### TASK TO COMPLETE:
Every line of the records must be repeated exactly; pictures stay out.

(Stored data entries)
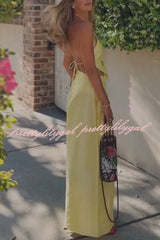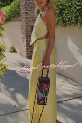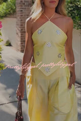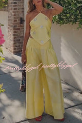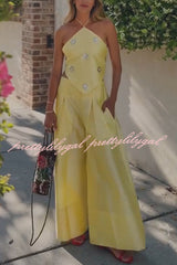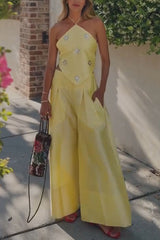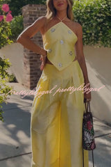 Jamie Satin Sparkling Flowers Halter Backless Tank and High Rise Pocket Wide Leg Pants Set
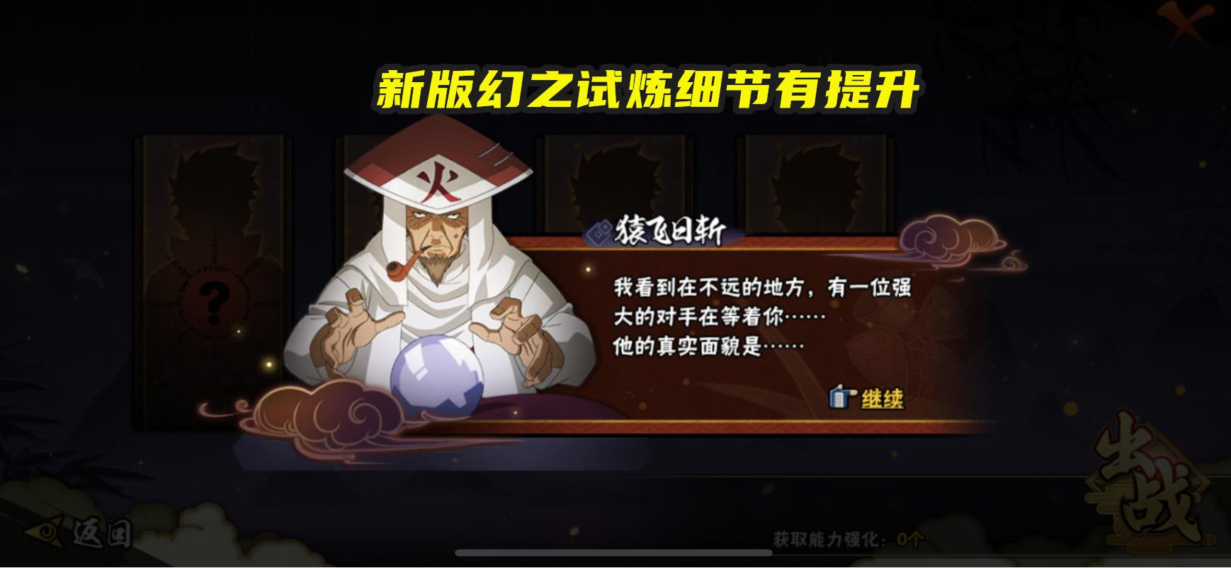 我先来说一下这次的幻之试炼的几个改动,首先在细节方面确实有一定的提升,比如在首次进入关卡的时候会提前告诉你第五关的BOSS是谁,而在之前,你需要通关第四关以后才能看到第五关的BOSS,很多玩家不太喜欢碰到地怨虞角都等忍者,这次可以提前看到BOSS以后,如果前面的关卡没有拿到的好的buff,再加上第五关的BOSS难度较大,那你可以直接结束重新再来。
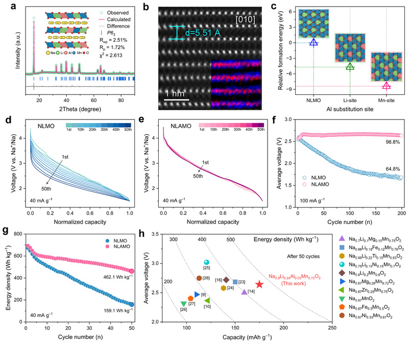 研究团队首先采用固相法制备了Na0.8Li0.24Mn0.76O2(NLMO)和Al取代的Na0.8Li0.24Al0.03Mn0.73O2(NLAMO)。NLAMO材料XRD的Rietveld精修谱图表明其为具有蜂窝状超晶格的P2相层状结构(图1a)。NLAMO的HAADF-STEM图像显示,MO2层与Na层交替存在,相邻MO2层间距为5.51 Å,符合P2相层状结构(图1b)。相对形成能计算结果表明,Al原子倾向于占据过渡金属层Mn位点而不是Li位点(图1c)。在低倍率50周电池循环过程中,NLMO展示出明显的放电电压衰减现象,而NLAMO的放电电压基本不发生衰减(图1d,e)。此外,NLAMO在高倍率200周循环后,其放电电压依然可以很好地保持(图1f)。得益于电压的保持,NLAMO在50周循环后仍具有462.1 Wh kg−1的高能量密度(图1g),明显优于其它已报道的钠离子电池层状正极材料(图1h)。
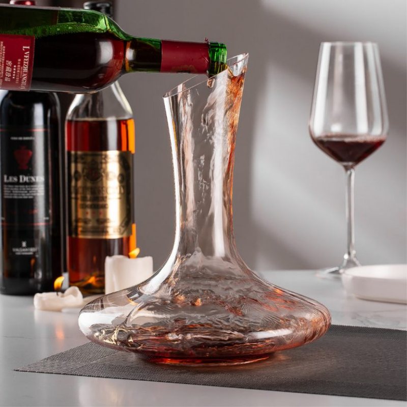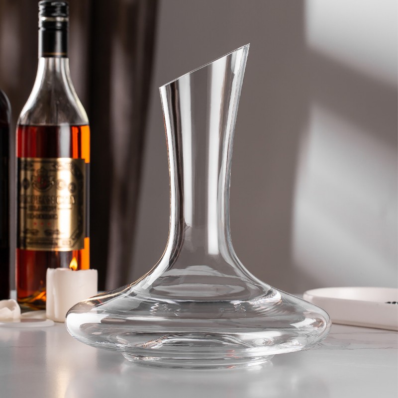 Unveil the full character of your wine with this 1500ml crystal wine decanter, where form meets function. Expertly crafted from premium lead-free crystal, its graceful silhouette and tilted spout create a dramatic yet practical centerpiece for any table. The wide base promotes aeration, unlocking rich aromas and smooth textures in every pour. Whether you're curating a luxury barware collection or sourcing for upscale dining venues, this decanter offers OEM flexibility and timeless elegance — a perfect blend of performance and presentation.
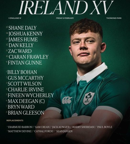 Head Coach Cullie Tucker has named the Ireland XV Match Day Squad for Friday night’s clash against England ‘A’ at Thomond Park. Leinster’s Max Deegan will captain the side...
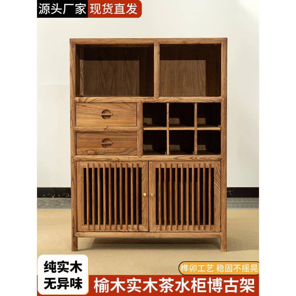 新中式实木茶叶柜北方榆木禅意收纳展示小多宝阁博古架茶边柜白茬
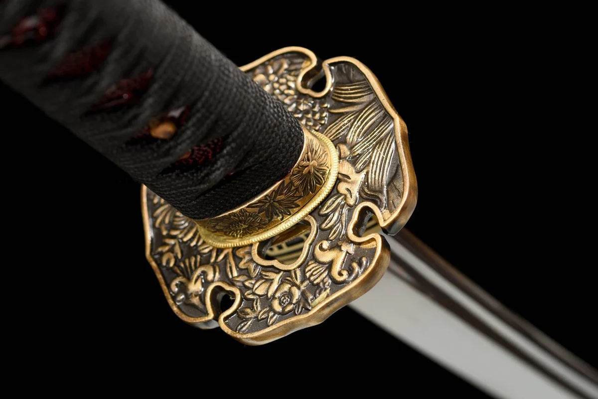 Die aus fein gearbeitetem Kupfer gefertigte Tsuba ist ein wahres Kunstwerk. Ihre detaillierten Gravuren sind eine Hommage an die traditionelle japanische Handwerkskunst und verleihen dem Katana eine zusätzliche visuelle Dimension, die es zu einem außergewöhnlichen Kunstobjekt erhebt.

### TASK OUTPUT:
 Jamie Satin Sparkling Flowers Halter Backless Tank and High Rise Pocket Wide Leg Pants Set
 我先来说一下这次的幻之试炼的几个改动,首先在细节方面确实有一定的提升,比如在首次进入关卡的时候会提前告诉你第五关的BOSS是谁,而在之前,你需要通关第四关以后才能看到第五关的BOSS,很多玩家不太喜欢碰到地怨虞角都等忍者,这次可以提前看到BOSS以后,如果前面的关卡没有拿到的好的buff,再加上第五关的BOSS难度较大,那你可以直接结束重新再来。
 研究团队首先采用固相法制备了Na0.8Li0.24Mn0.76O2(NLMO)和Al取代的Na0.8Li0.24Al0.03Mn0.73O2(NLAMO)。NLAMO材料XRD的Rietveld精修谱图表明其为具有蜂窝状超晶格的P2相层状结构(图1a)。NLAMO的HAADF-STEM图像显示,MO2层与Na层交替存在,相邻MO2层间距为5.51 Å,符合P2相层状结构(图1b)。相对形成能计算结果表明,Al原子倾向于占据过渡金属层Mn位点而不是Li位点(图1c)。在低倍率50周电池循环过程中,NLMO展示出明显的放电电压衰减现象,而NLAMO的放电电压基本不发生衰减(图1d,e)。此外,NLAMO在高倍率200周循环后,其放电电压依然可以很好地保持(图1f)。得益于电压的保持,NLAMO在50周循环后仍具有462.1 Wh kg−1的高能量密度(图1g),明显优于其它已报道的钠离子电池层状正极材料(图1h)。
 Unveil the full character of your wine with this 1500ml crystal wine decanter, where form meets function. Expertly crafted from premium lead-free crystal, its graceful silhouette and tilted spout create a dramatic yet practical centerpiece for any table. The wide base promotes aeration, unlocking rich aromas and smooth textures in every pour. Whether you're curating a luxury barware collection or sourcing for upscale dining venues, this decanter offers OEM flexibility and timeless elegance — a perfect blend of performance and presentation.
 Head Coach Cullie Tucker has named the Ireland XV Match Day Squad for Friday night’s clash against England ‘A’ at Thomond Park. Leinster’s Max Deegan will captain the side...
 新中式实木茶叶柜北方榆木禅意收纳展示小多宝阁博古架茶边柜白茬
 Die aus fein gearbeitetem Kupfer gefertigte Tsuba ist ein wahres Kunstwerk. Ihre detaillierten Gravuren sind eine Hommage an die traditionelle japanische Handwerkskunst und verleihen dem Katana eine zusätzliche visuelle Dimension, die es zu einem außergewöhnlichen Kunstobjekt erhebt.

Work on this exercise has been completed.